One aim of structuring elicitation processes is to quantify (but not eliminate) uncertainty. Structured expert elicitation protocols achieve this by standardising the response formats of quantitative elicitation questions, and IDEA, for instance, asks experts to provide bounds that give a measure of uncertainty. The procedure removes consensus pressure and associated biases by aggregating individual judgements mathematically rather than behaviourally. In peer review, this can be achieved by structuring judgements around a predefined set of questions about research quality, expressed in quantitative terms (some peer review rubrics do this already [67]).

Importantly, many structured expert elicitation protocols complement quantitative estimation in several ways, i.e. by collecting written feedback, facilitating discussion among experts, encouraging experts to correct misunderstandings, and by exploring diverse perspectives and counterfactual evidence without forcing consensus. A peer review process modelled after the IDEA protocol will generate both quantitative and qualitative data that will feed into editorial decision-making.

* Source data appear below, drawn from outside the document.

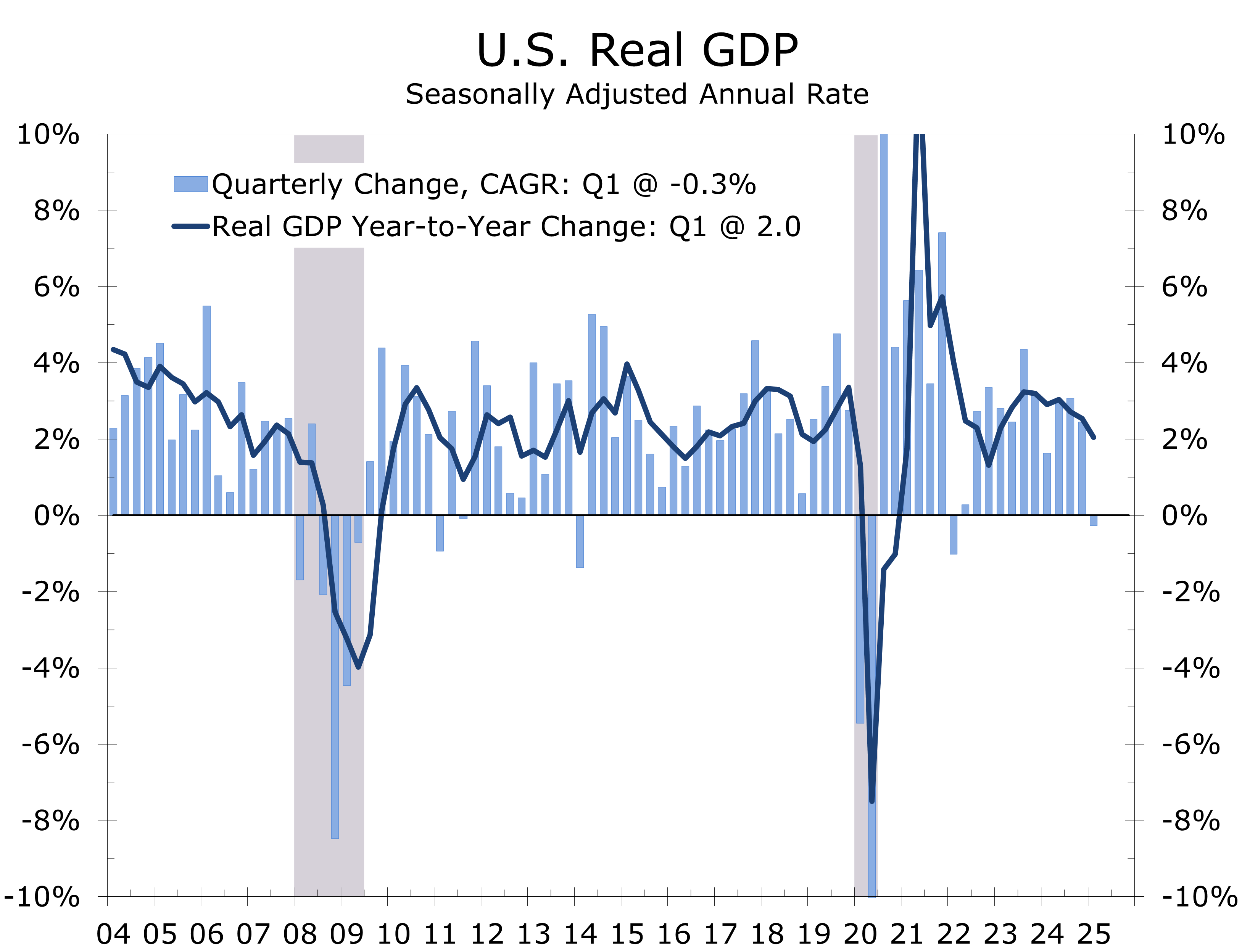 - Real GDP declined at a -0.3% annual rate in Q1, in line with expectations for a modest contraction.
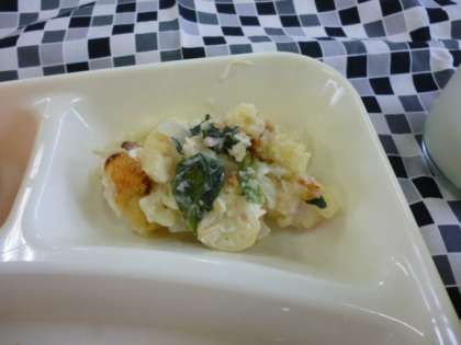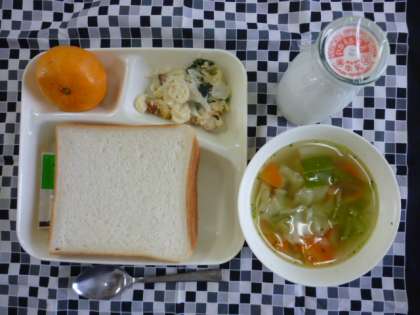 スープ煮、ほうれん草のグラタン、みかん、食パン、マーガリン、牛乳
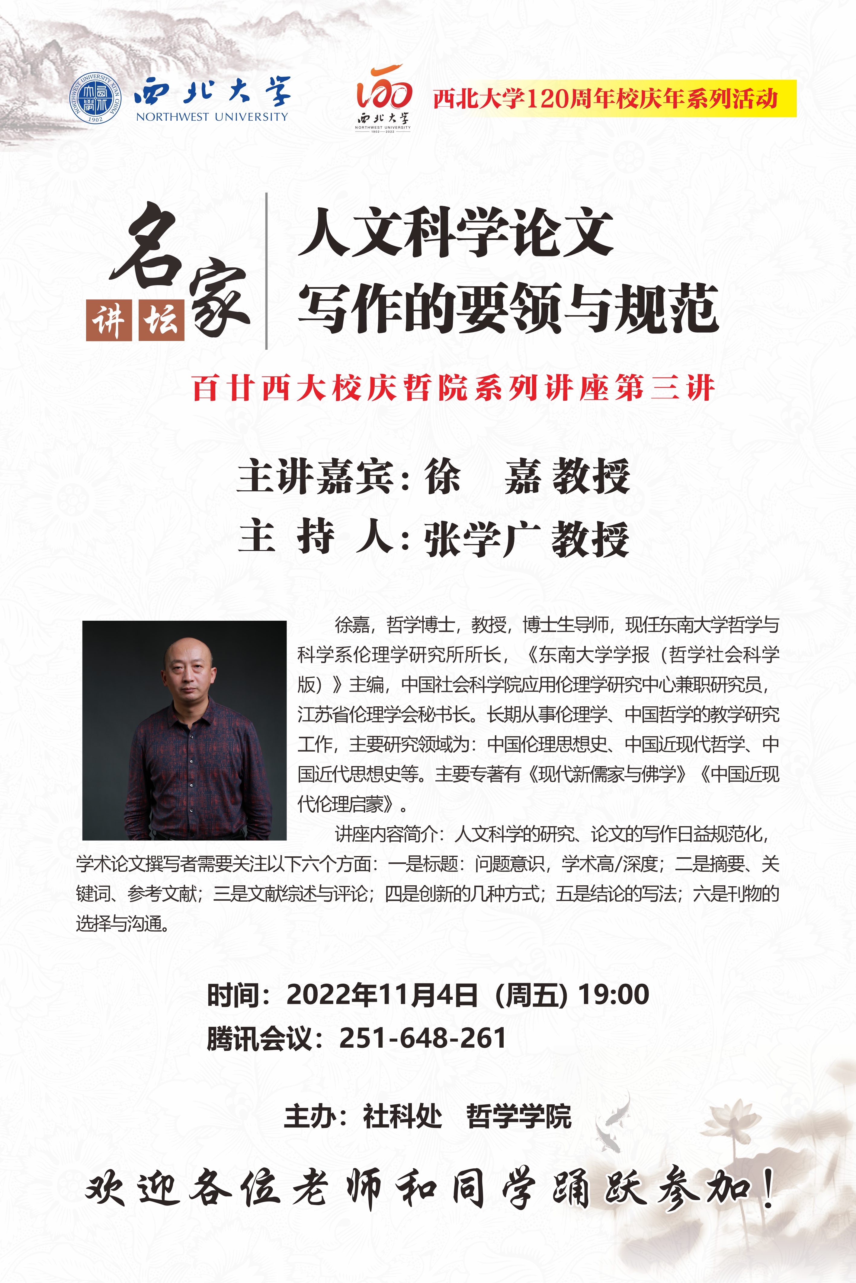 徐嘉 教授 乐投平台120周年校庆年系列活动:人文科学论文写作的要领与规范 讲座时间 2022年11月4日(周五)19:00 讲座地点 腾讯会议:251-648-261 讲座人介绍 徐嘉 教授 讲座内容
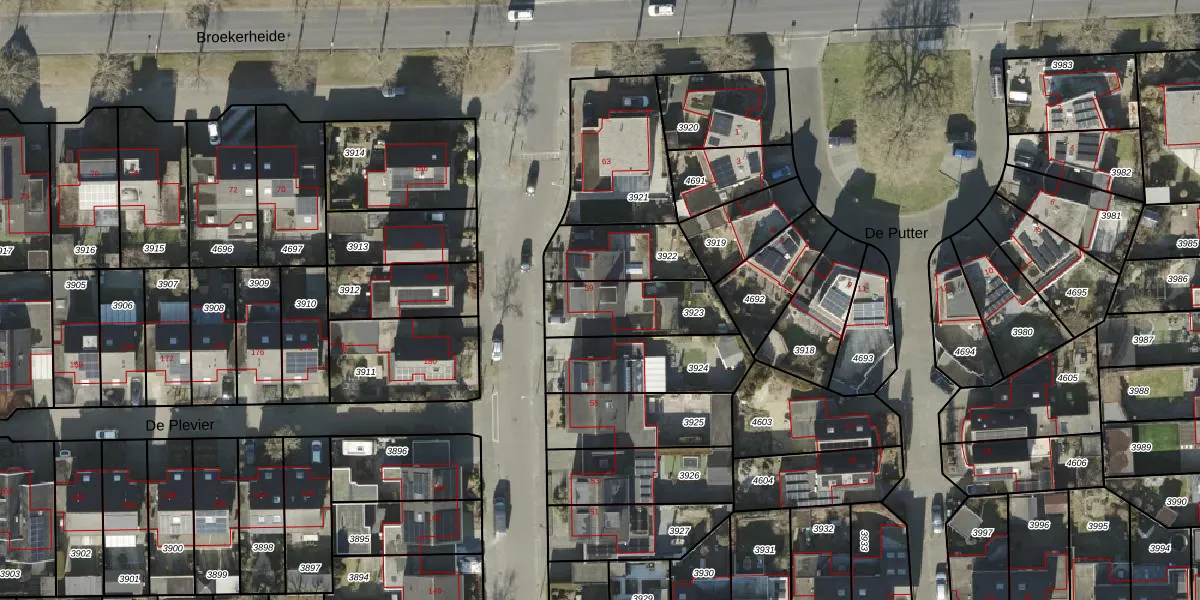 Gebruik de zoekbalk of klik op een perceel voor informatie over de adressen binnen dit perceel.

Nevertheless, the use of numerical scores may give an unwarranted impression of precision. Indeed, the extent to which different reviewers and/or the editors share conceptualisations or reference points for these scores is questionable and peer reviewers often are miscalibrated [68,69,70]. Notwithstanding these legitimate concerns, asking peer reviewers to provide numerical scores and interval judgements, in addition to narrative evaluations, may more readily highlight areas of disagreement and uncertainty. In discussion, expert groups may resolve some of their initial disagreements, while remaining disagreements may require the attention of the editor(s) and/or author(s).

Encourage and facilitate interaction

When faced with uncertainty, individuals – including experts – use heuristics, or cognitive shortcuts, that may lead to erroneous conclusions [76]. Group interaction increases the probability of identification and subsequent correction of errors [77] and can counter individual cognitive biases [78]. Interaction among experts also has a synergistic effect and may generate novel ideas and solutions that would not have been produced individually [71,72,73,74,75]. Nevertheless, the intellectual gain of group interaction is moderated by coordination costs [79], overconfidence [53, 80, 81] and deference to high-status or particularly vocal group members [82]. Expert elicitation protocols mitigate many of these risks by supporting experts to investigate and discuss the rationales that underpin individual judgements. The process aims to develop more comprehensive, unprejudiced understandings and create shared mental models [83]. By explicitly revealing private information, the process attempts to mitigate the pernicious effects of unshared information [84, 85] and prompts experts to imagine alternative realities, which reduces subjectivity and (over)confidence [86].

Applied to peer review, the interactive process we envision encourages reviewers to articulate their reasoning explicitly before sharing it with others, and subsequently to probe the rationales that underpin alternative judgments. It also promotes the resolution of conflicts due to misunderstandings, lack of relevant knowledge, or the application of idiosyncratic evaluation criteria [44, 87,88,89,90]. Importantly, it does not force consensus where true agreement does not exist. From the editor’s point of view, having access to both outcome (individual reviewer decisions) and process data (interaction among reviewers) generates valuable insights into how reviewers’ rationales withstand the scrutiny of their peers, distinguishes between trivial and fundamental differences of opinion, and ultimately enables a more informed and transparent editorial decision.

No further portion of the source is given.